7-day kid-friendly Morocco itinerary

DayWhere
1Arrive Marrakech, riad pool, easy dinner
2Marrakech morning (Bahia Palace + souks 2hr), pool afternoon
3Atlas Mountains day trip (Imlil or Asni), mules, lunch
4Bus or drive to Essaouira (3h), settle in
5Essaouira beach, walk medina, port fish lunch
6Essaouira: camel ride on beach, surf lesson (kids 8+)
7Back to Marrakech for flight

Adds: visit Jardin Majorelle on Day 2 if older kids.

Common mistakes

  • Trying to do Fes + Marrakech + Sahara in 7 days with toddlers. Recipe for misery.
  • Booking the cheapest riad with no pool. July–August without pool = melted family.
  • Underestimating walking distances in medinas. Even adults walk 10km a day.
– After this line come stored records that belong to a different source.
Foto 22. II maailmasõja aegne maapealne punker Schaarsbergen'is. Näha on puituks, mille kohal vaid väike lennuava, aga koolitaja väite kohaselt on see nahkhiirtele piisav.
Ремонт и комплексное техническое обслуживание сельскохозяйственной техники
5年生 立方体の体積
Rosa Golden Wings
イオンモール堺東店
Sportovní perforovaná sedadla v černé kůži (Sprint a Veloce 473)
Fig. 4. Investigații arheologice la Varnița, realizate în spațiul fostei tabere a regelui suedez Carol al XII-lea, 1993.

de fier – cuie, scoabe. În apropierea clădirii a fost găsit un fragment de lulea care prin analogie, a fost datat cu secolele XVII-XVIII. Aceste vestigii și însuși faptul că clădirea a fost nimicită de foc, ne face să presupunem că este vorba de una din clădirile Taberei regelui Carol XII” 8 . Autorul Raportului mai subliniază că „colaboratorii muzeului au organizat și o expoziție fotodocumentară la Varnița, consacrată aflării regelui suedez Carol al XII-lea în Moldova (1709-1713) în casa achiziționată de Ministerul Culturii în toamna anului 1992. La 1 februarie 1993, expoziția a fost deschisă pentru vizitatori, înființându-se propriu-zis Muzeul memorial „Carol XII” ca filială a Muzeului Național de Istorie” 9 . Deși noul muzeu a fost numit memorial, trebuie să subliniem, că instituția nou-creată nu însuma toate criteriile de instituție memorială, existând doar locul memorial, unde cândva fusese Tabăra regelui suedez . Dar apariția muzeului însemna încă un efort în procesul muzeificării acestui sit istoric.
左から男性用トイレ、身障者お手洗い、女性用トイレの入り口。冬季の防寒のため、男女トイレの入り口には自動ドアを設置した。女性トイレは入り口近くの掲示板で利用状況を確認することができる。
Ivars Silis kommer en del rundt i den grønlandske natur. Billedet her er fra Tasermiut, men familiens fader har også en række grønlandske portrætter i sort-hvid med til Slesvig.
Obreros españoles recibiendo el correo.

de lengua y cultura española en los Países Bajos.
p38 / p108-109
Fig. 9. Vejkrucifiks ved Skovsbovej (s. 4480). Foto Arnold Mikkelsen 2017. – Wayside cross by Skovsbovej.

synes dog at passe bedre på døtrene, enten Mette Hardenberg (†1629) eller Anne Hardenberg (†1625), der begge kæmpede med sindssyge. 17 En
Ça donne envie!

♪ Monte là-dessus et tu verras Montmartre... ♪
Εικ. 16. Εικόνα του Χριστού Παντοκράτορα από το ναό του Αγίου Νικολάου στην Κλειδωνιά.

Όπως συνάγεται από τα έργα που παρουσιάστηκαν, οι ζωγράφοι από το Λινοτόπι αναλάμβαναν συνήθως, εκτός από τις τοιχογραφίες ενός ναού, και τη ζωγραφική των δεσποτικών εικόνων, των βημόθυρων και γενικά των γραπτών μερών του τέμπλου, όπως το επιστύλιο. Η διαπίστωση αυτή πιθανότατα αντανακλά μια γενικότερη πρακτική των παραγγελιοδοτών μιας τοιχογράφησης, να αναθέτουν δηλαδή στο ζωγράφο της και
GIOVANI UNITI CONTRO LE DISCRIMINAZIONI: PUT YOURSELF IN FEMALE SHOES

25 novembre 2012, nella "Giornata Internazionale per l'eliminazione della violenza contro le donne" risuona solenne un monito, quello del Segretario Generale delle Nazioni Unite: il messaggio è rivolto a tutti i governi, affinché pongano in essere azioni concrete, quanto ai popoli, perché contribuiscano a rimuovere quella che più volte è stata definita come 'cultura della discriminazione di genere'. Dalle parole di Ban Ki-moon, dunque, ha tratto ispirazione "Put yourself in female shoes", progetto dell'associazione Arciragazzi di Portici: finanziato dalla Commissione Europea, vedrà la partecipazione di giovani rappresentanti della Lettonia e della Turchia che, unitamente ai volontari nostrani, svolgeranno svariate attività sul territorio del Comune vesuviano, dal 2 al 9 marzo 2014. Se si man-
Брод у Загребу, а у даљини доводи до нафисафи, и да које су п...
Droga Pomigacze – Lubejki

Kids tap out at 3 km.
  • Skipping snacks and water. Always have both.
  • Not bringing tablets. Yes, give them the screen. Vacation isn’t where you fight that battle.
  • Wrong shoes for the medina. Closed comfortable shoes only. Sandals get destroyed.
  • Visiting in July–August with young kids. 42°C in Marrakech with a toddler is genuinely unsafe.

When to go with kids

  • Best: March–May, September–October. Mild weather, manageable temps.
  • OK: November–February (warm enough on coast, layers in cities).
  • Avoid: June–August unless coastal-only (Essaouira/Agadir are cooler but Marrakech is brutal).

Is Morocco worth it with kids?

Yes, if you pace correctly. The wrong itinerary is exhausting; the right one is unforgettable. Slow down, embrace the pool days, accept that you’ll see 60% of what childless travelers see.

Your kids will remember the camel ride for the rest of their lives.